Como referem os professores, alguns estudantes são quietos ou tímidos, o que dificulta o processo da comunicação verbal e a avaliação da qualidade do processo educativo. Assim, consideram que a escrita das cartas favoreceu essa comunicação. Conforme Portal et al. (2011), a escrita de cartas tem, justamente, esse caráter, pois, ao escrever uma carta, o sujeito imprime suas emoções, socializando suas situações de relacionamento interpessoal e os acontecimentos que são produzidos e trocados entre diferentes sujeitos. Nas palavras da professora P4, a escrita das cartas serviu para favorecer a ampliação da capacidade expressão dos estudantes.

A A11 é uma menina muito calada, muito fechada. Então fica difícil a gente saber se está gostando, se gosta de ti ou da tua disciplina, da aula, enfim. Isso realmente nos faz pensar que a gente deveria oportunizar mais momentos como esse. Porque nem todos se expressam da mesma maneira.

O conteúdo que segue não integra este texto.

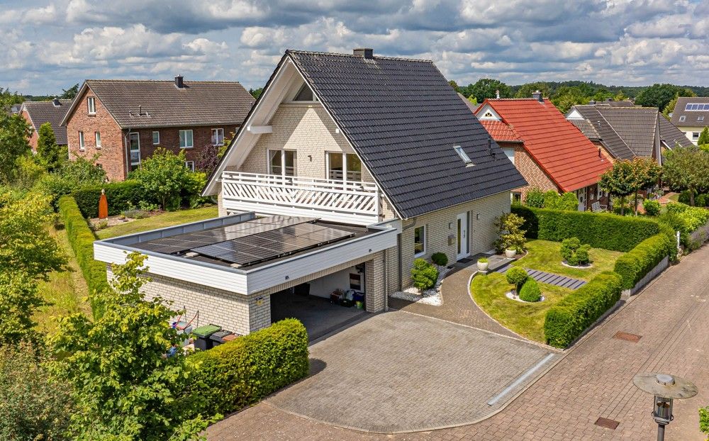 Ein Großteil des Hauses ist mit einer Fußbodenheizung ausgestattet und sorgt für eine wohlige Wärme. Auch in Sachen Energieeffizienz steht die Immobilie gut da. Solarthermie für Warmwasser und eine PV-Anlage mit Speicher und Wallbox sind vorhanden. Eine Doppelgarage mit elektrischem Tor und ein Abstellraum bieten viel Platz für Autos, Fahrräder und Ihre Gartengeräte.
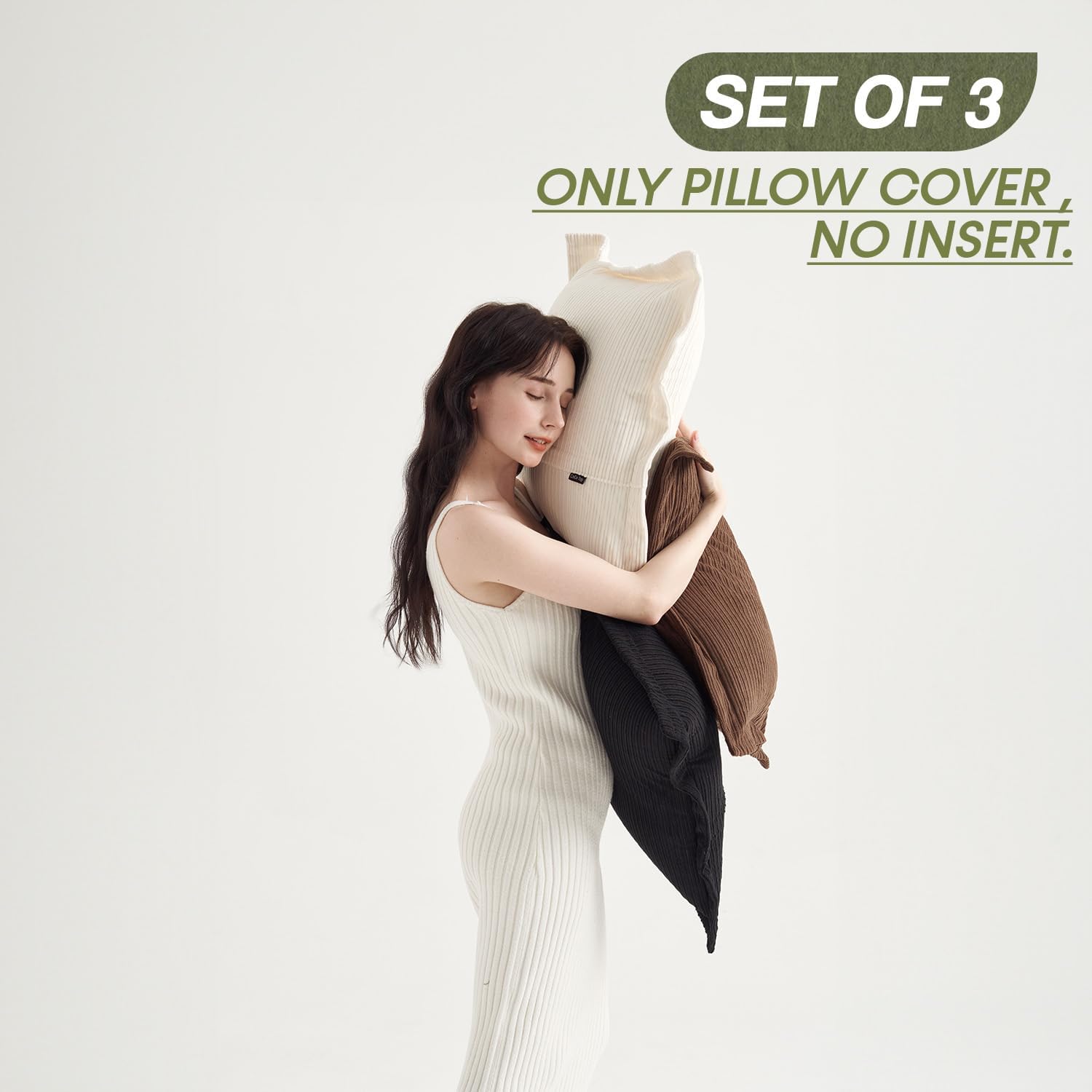 - COCO TOP: Elegantly hand-sewn, 18x18"corduroy pillow covers in a set of 3, featuring rich coffee, classic black, and crisp white hues with a nostalgic stripe design. (Covers only; no inserts included. Allow for a 2cm size variation.)"
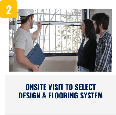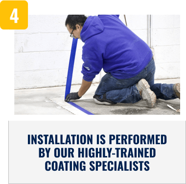 A: On average, depending on the flooring system, you can walk on the coating by day three after installation, and you can return items and drive your car back onto it by day four.
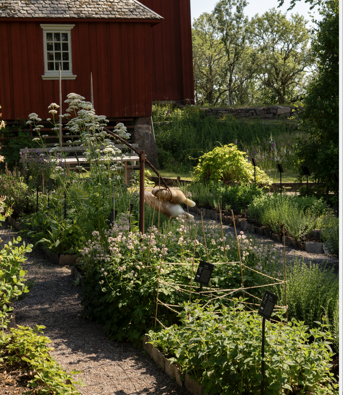 The appearance of the garden today is based on archaeological excavation and action plans made by the landscape architect Sven A.Hermelin in the 1990s. It was also then that the apple orchard and the herb garden were created. At the end of the garden is the fish pond where the servants used to be able to pick up a fresh sparkling carp for the couple’s dinner guests!
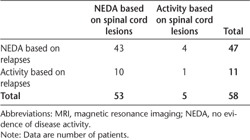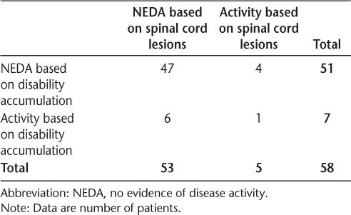 Comparisons of patients achieving NEDA based on spinal cord lesions and relapses are shown in Table 3. Comparisons of patients meeting the definition of NEDA based on spinal cord lesions and accumulation of physical disability (EDSS score) are shown in Table 4. Based on the 58 patients with clinical information, 81.0% (n = 47; 95% CI, 68.6%–90.1%) maintained NEDA in terms of relapses and 87.9% (n = 51; 95% CI, 76.7%–95.0%) maintained NEDA based on disability accumulation. In this slightly reduced sample, 91.4% of patients (n = 53; 95% CI, 81.0%–97.1%) maintained NEDA on spinal cord imaging. Forty-three patients maintained NEDA on both spinal cord imaging and relapses. Interestingly, 80% of the patients who had spinal cord activity at follow-up did not have an accompanying relapse. Four of 47 patients (8.5%; 95% CI, 2.4%–20.4%) who had NEDA based on relapses were identified as having disease activity on spinal cord MRI. When assessing patients who maintained NEDA on both spinal cord imaging and disability accumulation, 47 maintained NEDA on both measures, and only 1 patient had disease activity on both measures. Four of 51 patients (7.8%; 95% CI, 2.2%–18.9%) who achieved NEDA based on disability accumulation were identified as having disease activity in the spinal cord.
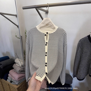韩系圆领条纹撞色针织开衫女2025秋冬新款宽松慵懒风毛衣外套上衣
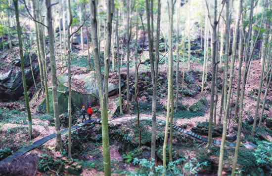 11月11日,大足区高坪镇巴蜀雅楠景区内,游客沿着蜿蜒的石板小径漫步于茂密的金丝楠木林间,感受这片百年林海特有的静谧与清幽。 巴蜀雅楠景区地处重庆大足与四川安岳交界处,这里的楠木树龄多在百年以上,总数达5万余株,树干笔直挺拔,与林间奇石相映成趣,构成独特的自然景观。目前,景区已打造“楠木听禅”“巴蜀之心”等特色景点10余处,凭借珍稀的生态资源和丰富的景观层次,成为集观光探险、森林康养、休闲度假于一体的冬游胜地。 新渝报记者黄舒摄
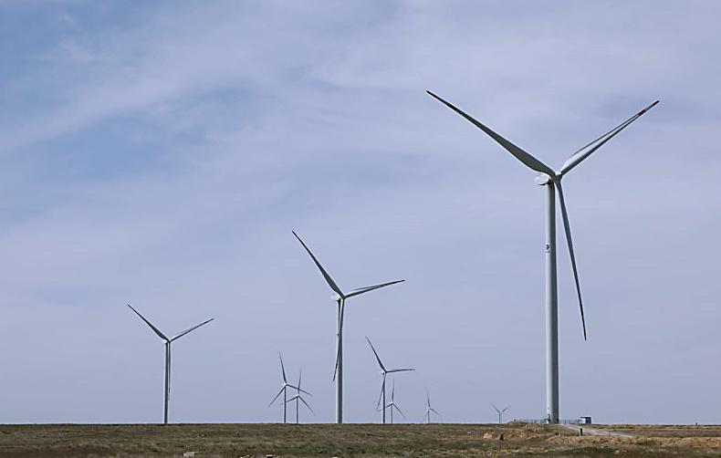 哈萨克斯坦札纳塔斯拍摄的札纳塔斯100兆瓦风电项目风机。图片来源:新华社
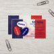 This is an awesome business card with a french flag in the background. The colours are blue and red with a fun grunge texture. The foreground has speech bubbles with french words inside of them. This card is great for an French language tutor or a teacher.
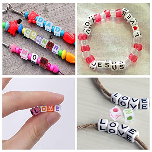 FOGAWA 1000pcs di Perline Acriliche 6mm Multicolore Perline con Lettere Rotonde Kit di Perline con Lettere Dell'alfabeto con Corda di Cristallo 8pcs di Bracciale per Gioielli Artigianato
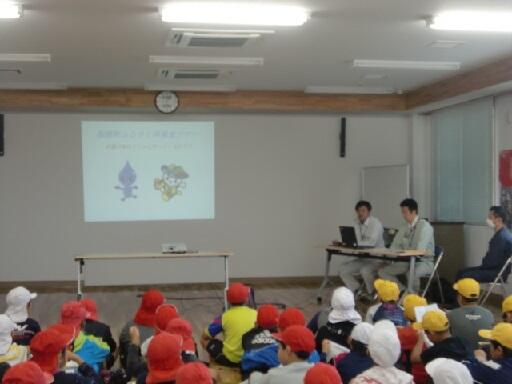 はじめに、水道課の方に飲料水について、住民課の方にゴミの処理について説明をしていただきました。次に、店内を見学し、駅長さんから都農町ならではの販売の工夫や商品開発についてのお話をお聞きしました。子どもたちの事前の質問に丁寧に答えてくださいました。
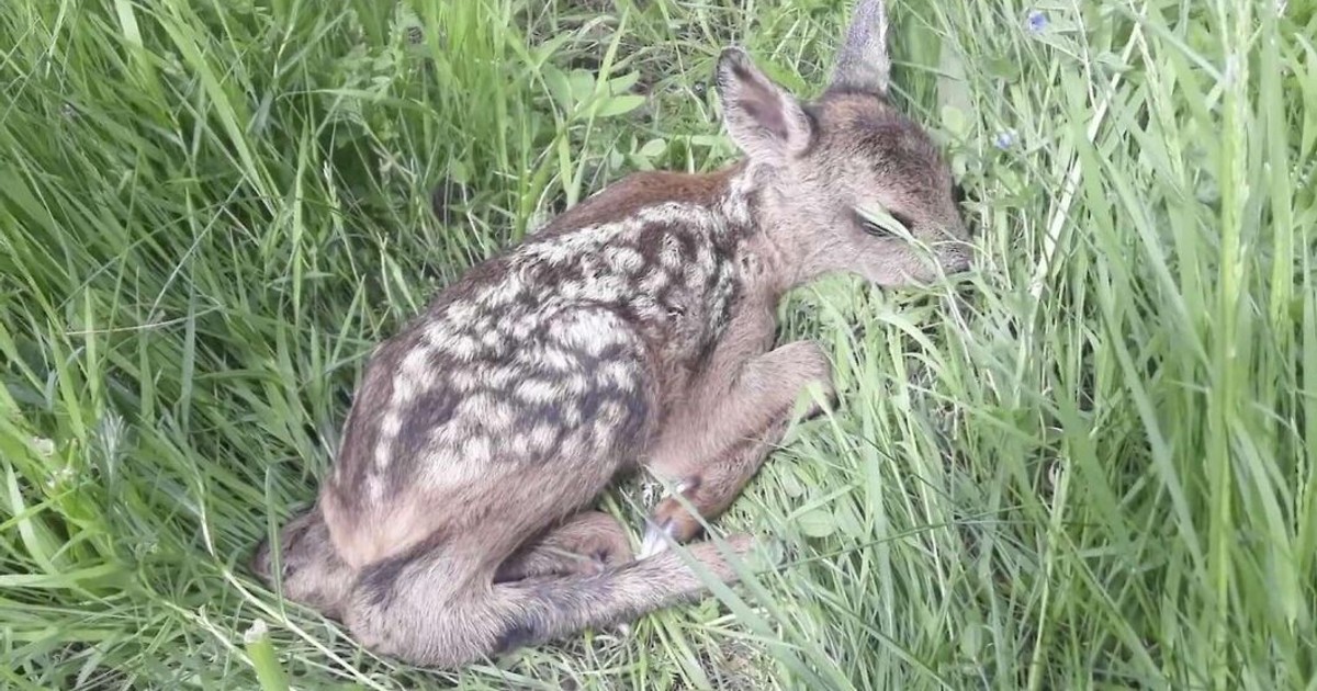 Se rådjurskiden som räddades från slåttermaskinen – ”De kvadratmetrarna med gräs kan jag avvara”.
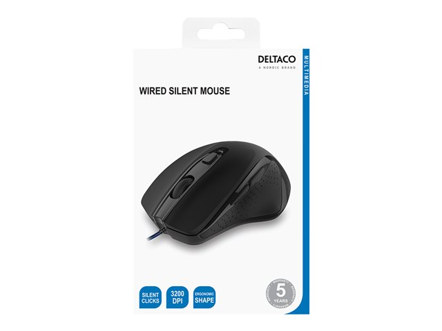 | Produktbeskrivning | DELTACO OFFICE - Mus - optisk - 6 knappar - kabelansluten - USB - svart |

Diante de estudantes como esses, alguns problemas de aprendizagem ou de relacionamento passam despercebidos pelos professores, pois aqueles que não perturbam o andamento da aula muitas vezes não são observados. A P4 também contribui para a reflexão sobre essa questão ao afirmar que tem cuidado em relação a isso:

Dos alunos quietinhos, a gente também tem que correr muito atrás. Eles são quietos, mas é do perfil deles, né, essa timidez. [...]. Aquela menina que senta no canto da sala e que você tem de ir até ela para perguntar: "Está entendendo fulana?" [...]. É ao professor que cabe olhar, porque nem todos os alunos vão chegar até o professor e dizer: - Olha, Prô, não estou entendendo.

Enfim, uma parte da surpresa dos professores deu-se pelo perfil da maioria dos remetentes das cartas, tal como descreve a professora P4: “Eu não imaginava que teria carta

da A11 aqui. Ela é a menina mais quietinha na aula". Diante dessa colocação é possível

entender que os estudantes têm diferentes meios de expressão; assim, as formas de comunicação utilizadas em aula também devem ser diversificadas, favorecendo a comunicação entre todos.

A proposta pedagógica da escola descreve a importância da comunicação no processo educacional e apresenta questões fundamentais que enfatizam o trabalho democrático, reflexivo, que forme estudantes capazes de aprender, a crescer e a serem úteis ao mundo. A boa comunicação aparece nesse documento como uma das principais competências a serem exercidas na escola, assim como o bom relacionamento interpessoal e o trabalho social, todos fluindo a partir de uma visão sistêmica, na qual um aspecto recai sobre o outro, ampliando as consciências e favorecendo os bons relacionamentos.